Composited unicode characters not displayed correctly. #1226

vpenades · 2019-06-03T09:06:21Z

Read and complete the full issue template

Do you want to request a feature or report a bug?

Bug
Feature

Version of ClosedXML

0.94.2

What is the current behavior?

When I fill a cell with value: C0 👍 0/2 ✖0 ⚠️0

It is displayed like this: C0 _xD83D__xDC4D_ 0/2 ✖0 ⚠️0 in LibreOffice 6.2.3.2

What is the expected behavior or new feature?

Unicode emoji should display correctly.

Now, I don't know if this is a ClosedXML bug, or a LibreOffice bug. It seems 👍 is a composited unicode character... dunno which are the rules to display this in excel and libreoffice.

Reproducibility

This is an important section. Read it carefully. Failure to do so will cause a 'RTFM' comment.

Without a code sample, it is unlikely that your issue will get attention. Don't be lazy. Do the effort and assist the developers to reproduce your problem. Code samples should be minimal complete and verifiable. Sample spreadsheets should be attached whenever applicable. Remove sensitive information.

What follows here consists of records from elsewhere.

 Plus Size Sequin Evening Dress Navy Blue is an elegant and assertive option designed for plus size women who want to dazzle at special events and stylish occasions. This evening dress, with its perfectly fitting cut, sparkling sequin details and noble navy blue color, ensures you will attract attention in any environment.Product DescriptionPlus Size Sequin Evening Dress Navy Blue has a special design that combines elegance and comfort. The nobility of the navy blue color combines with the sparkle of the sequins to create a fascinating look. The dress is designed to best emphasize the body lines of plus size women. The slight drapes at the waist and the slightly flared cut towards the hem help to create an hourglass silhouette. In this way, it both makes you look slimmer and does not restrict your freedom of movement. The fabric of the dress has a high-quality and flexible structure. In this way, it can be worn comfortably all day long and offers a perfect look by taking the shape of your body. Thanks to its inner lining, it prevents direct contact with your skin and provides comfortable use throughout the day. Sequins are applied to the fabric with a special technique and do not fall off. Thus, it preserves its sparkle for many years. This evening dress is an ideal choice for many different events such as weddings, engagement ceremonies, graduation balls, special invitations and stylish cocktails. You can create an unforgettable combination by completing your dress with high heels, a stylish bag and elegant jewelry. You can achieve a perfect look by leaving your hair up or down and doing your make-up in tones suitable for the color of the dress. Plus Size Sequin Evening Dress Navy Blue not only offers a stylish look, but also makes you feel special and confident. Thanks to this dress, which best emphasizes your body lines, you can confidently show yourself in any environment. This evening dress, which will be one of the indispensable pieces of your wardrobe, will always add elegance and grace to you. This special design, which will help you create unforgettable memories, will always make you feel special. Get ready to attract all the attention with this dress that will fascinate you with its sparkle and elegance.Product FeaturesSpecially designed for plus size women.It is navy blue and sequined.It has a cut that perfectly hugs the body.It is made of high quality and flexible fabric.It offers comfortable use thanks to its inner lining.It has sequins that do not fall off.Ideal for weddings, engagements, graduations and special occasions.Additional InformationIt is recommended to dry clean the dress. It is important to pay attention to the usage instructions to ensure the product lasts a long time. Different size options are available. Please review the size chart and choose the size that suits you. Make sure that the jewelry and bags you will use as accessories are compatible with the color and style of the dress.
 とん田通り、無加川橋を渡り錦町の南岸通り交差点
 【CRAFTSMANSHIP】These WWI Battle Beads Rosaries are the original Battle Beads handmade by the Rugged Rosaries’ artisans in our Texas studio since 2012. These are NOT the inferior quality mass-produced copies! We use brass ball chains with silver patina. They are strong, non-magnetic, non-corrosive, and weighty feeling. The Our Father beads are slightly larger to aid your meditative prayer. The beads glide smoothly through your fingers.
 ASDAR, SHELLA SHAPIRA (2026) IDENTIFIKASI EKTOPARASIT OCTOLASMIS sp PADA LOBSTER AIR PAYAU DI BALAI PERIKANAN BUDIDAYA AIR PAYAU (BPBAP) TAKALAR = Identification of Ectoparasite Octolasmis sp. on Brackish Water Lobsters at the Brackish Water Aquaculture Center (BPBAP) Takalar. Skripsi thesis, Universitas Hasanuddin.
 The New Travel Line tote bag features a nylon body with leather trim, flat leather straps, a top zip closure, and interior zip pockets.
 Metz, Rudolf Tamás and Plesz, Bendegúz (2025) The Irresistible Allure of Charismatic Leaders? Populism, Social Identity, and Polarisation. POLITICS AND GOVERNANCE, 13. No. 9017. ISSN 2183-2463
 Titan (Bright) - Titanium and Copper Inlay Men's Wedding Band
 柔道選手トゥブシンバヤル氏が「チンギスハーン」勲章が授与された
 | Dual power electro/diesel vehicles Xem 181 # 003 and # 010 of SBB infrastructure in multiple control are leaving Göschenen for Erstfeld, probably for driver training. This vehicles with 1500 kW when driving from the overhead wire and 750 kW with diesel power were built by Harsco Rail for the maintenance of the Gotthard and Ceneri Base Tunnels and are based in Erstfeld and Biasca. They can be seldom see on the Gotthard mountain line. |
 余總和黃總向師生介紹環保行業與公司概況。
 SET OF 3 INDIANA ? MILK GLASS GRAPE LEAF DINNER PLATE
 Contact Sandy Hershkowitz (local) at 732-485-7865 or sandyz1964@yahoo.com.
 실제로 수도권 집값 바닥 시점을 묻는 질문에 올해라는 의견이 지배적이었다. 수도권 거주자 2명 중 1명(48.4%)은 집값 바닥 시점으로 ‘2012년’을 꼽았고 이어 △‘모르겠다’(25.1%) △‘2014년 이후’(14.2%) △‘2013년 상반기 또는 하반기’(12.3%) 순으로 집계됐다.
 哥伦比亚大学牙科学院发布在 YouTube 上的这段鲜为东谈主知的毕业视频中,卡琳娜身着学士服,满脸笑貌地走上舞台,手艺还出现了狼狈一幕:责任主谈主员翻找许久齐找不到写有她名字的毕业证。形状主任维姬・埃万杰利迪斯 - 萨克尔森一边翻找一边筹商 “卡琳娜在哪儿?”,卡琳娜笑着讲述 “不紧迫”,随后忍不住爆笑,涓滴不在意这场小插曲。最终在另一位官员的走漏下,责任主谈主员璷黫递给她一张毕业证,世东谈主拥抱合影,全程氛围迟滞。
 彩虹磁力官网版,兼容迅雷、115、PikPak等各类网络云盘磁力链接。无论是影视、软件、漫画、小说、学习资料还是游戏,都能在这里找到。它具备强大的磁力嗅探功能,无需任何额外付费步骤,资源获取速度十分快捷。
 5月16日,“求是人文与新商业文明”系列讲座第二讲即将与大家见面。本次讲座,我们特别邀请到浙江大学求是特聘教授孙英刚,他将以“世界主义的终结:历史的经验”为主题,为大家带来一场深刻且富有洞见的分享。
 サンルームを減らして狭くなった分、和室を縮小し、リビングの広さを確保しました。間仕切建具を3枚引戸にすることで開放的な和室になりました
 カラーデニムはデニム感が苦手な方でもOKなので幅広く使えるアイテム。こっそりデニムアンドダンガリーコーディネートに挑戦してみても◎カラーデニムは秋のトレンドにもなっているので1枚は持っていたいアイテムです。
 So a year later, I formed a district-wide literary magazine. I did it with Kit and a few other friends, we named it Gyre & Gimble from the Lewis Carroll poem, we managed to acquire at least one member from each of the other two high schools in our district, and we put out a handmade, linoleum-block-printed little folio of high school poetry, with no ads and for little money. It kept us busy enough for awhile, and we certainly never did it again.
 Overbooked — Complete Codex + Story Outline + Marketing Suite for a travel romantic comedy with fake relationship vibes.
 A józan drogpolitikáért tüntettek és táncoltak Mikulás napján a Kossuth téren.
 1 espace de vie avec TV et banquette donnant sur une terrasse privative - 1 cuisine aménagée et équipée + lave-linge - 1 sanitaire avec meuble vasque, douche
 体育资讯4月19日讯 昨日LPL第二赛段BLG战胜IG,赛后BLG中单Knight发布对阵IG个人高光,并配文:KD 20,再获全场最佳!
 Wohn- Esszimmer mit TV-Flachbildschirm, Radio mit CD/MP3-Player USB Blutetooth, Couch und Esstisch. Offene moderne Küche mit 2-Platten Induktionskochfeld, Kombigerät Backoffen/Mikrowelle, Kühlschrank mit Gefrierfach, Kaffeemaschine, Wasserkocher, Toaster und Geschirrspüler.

Code to reproduce problem:

public void Main()
{
    var book = new XLWorkbook();
    var sheet = book .AddWorksheet("sheet");
    var cell = sheet.Cell(1,1);
    cell.Value ="C0  👍 0/2 ✖0 ⚠️0";
    book.SaveAs("unicode.xlsx");
}

I attached a sample spreadsheet. (You can drag files on to this issue)

The text was updated successfully, but these errors were encountered:

igitur · 2019-06-03T09:11:26Z

So you just deleted the whole reproducibility section of the issue template?

vpenades · 2019-06-03T09:15:23Z

So you just deleted the whole reproducibility section of the issue template?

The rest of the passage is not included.